Barnor Jacob Samson, Miyano-Kurosaki Naoko, Yamaguchi Kazuya, Sakamoto Atsushi, Ishikawa Koichi, Inagaki Yoshio, Yamamoto Naoki, Osei-Kwasi Mubarak, Ofori-Adjei David, Takaku Hiroshi
Department of Life and Environmental Science, 2-17-1 Tsudanuma, 275-0016 Narashino, Chiba, Japan.
Biochem Biophys Res Commun. 2004 Jul 23;320(2):544-50. doi: 10.1016/j.bbrc.2004.05.201.
The human immunodeficiency virus type-1 (HIV-1)-encoded vif protein is essential for viral replication, virion production, and pathogenicity. HIV-1 vif interacts with the endogenous human APOBEC3G protein (an mRNA editor) in target cells to prevent its virions from encapsidation. Although some studies have established targets within the HIV-1 vif gene that are important for its biologic function, it is however important to further screen for effective therapeutic targets in the vif gene that could interfere with the HIV-1 vif-dependent infectivity and pathogenicity. This report demonstrates that HIV-1 vif antisense RNA fragments constructed within mid-3' region, notably the region spanning nucleic acid positions 5561-5705 (M-3'-AS), significantly inhibited HIV-1 replication in MT-4 and H9-infected cells and reduced the HIV-1 vif mRNA transcripts. These data clearly suggest that the above vif fragment, which corresponds to amino acid residues 96-144, could be an effective novel therapeutic target site for gene therapy applications, for the control and management of HIV-1 infection, due to its strong inhibition of HIV-1 replication in cells.

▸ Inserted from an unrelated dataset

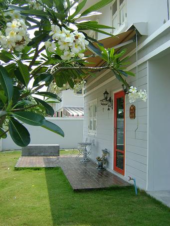 6. แต่งเฌอร่าสวย มีพื้นระแนงไม้หน้าบ้าน ด้านในชั้นล่างแต่งเฌอร่าสวยมาก

1型人类免疫缺陷病毒(HIV-1)编码的病毒感染因子(vif)蛋白对病毒复制、病毒体产生及致病性至关重要。HIV-1 vif在靶细胞中与内源性人类载脂蛋白B mRNA编辑酶催化多肽样蛋白3G(APOBEC3G,一种mRNA编辑酶)相互作用,以防止其病毒体被包装。尽管一些研究已确定HIV-1 vif基因内对其生物学功能重要的靶点,但进一步筛选vif基因中可干扰HIV-1 vif依赖性感染性和致病性的有效治疗靶点仍很重要。本报告表明,在3'区域中部构建的HIV-1 vif反义RNA片段,特别是跨越核酸位置5561 - 5705的区域(M-3'-AS),可显著抑制MT-4细胞和H9感染细胞中的HIV-1复制,并减少HIV-1 vif mRNA转录本。这些数据清楚地表明,上述对应于氨基酸残基96 - 144的vif片段,因其对细胞中HIV-1复制的强烈抑制作用,可能是基因治疗应用中用于控制和管理HIV-1感染的有效新型治疗靶点。